EXERCISE INPUT section start

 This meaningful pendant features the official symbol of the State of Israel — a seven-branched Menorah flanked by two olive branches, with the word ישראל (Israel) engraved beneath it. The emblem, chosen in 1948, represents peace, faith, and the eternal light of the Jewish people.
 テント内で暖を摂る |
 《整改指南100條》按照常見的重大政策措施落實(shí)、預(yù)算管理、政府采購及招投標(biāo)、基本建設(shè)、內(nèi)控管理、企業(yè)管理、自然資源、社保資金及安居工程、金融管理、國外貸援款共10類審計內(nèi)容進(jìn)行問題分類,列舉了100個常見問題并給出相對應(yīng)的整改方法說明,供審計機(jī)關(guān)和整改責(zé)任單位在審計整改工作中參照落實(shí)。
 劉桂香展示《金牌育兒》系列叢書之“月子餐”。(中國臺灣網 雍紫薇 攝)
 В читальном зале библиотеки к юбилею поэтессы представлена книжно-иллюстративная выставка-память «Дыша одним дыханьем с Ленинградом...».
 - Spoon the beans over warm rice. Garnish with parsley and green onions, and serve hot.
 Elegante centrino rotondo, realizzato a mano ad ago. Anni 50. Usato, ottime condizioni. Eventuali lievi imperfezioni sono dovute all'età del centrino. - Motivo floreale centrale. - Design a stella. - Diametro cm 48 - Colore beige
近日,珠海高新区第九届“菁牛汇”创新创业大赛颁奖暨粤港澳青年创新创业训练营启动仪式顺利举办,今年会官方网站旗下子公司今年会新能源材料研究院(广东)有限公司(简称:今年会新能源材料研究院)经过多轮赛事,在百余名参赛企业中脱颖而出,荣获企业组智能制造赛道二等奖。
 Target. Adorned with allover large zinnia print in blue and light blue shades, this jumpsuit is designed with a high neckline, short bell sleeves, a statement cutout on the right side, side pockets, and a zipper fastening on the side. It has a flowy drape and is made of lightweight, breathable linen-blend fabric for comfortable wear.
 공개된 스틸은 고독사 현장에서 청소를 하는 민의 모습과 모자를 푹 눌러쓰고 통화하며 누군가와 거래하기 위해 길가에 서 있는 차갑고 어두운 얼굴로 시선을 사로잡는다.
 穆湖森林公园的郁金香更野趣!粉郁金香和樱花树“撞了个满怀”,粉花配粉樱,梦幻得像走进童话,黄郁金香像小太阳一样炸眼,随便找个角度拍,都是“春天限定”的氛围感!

EXERCISE INPUT section end

### INSTRUCTIONS TO FOLLOW
Your answer should be the lines of the material above that include "light".

### RESULT BELOW
 This meaningful pendant features the official symbol of the State of Israel — a seven-branched Menorah flanked by two olive branches, with the word ישראל (Israel) engraved beneath it. The emblem, chosen in 1948, represents peace, faith, and the eternal light of the Jewish people.
 Target. Adorned with allover large zinnia print in blue and light blue shades, this jumpsuit is designed with a high neckline, short bell sleeves, a statement cutout on the right side, side pockets, and a zipper fastening on the side. It has a flowy drape and is made of lightweight, breathable linen-blend fabric for comfortable wear.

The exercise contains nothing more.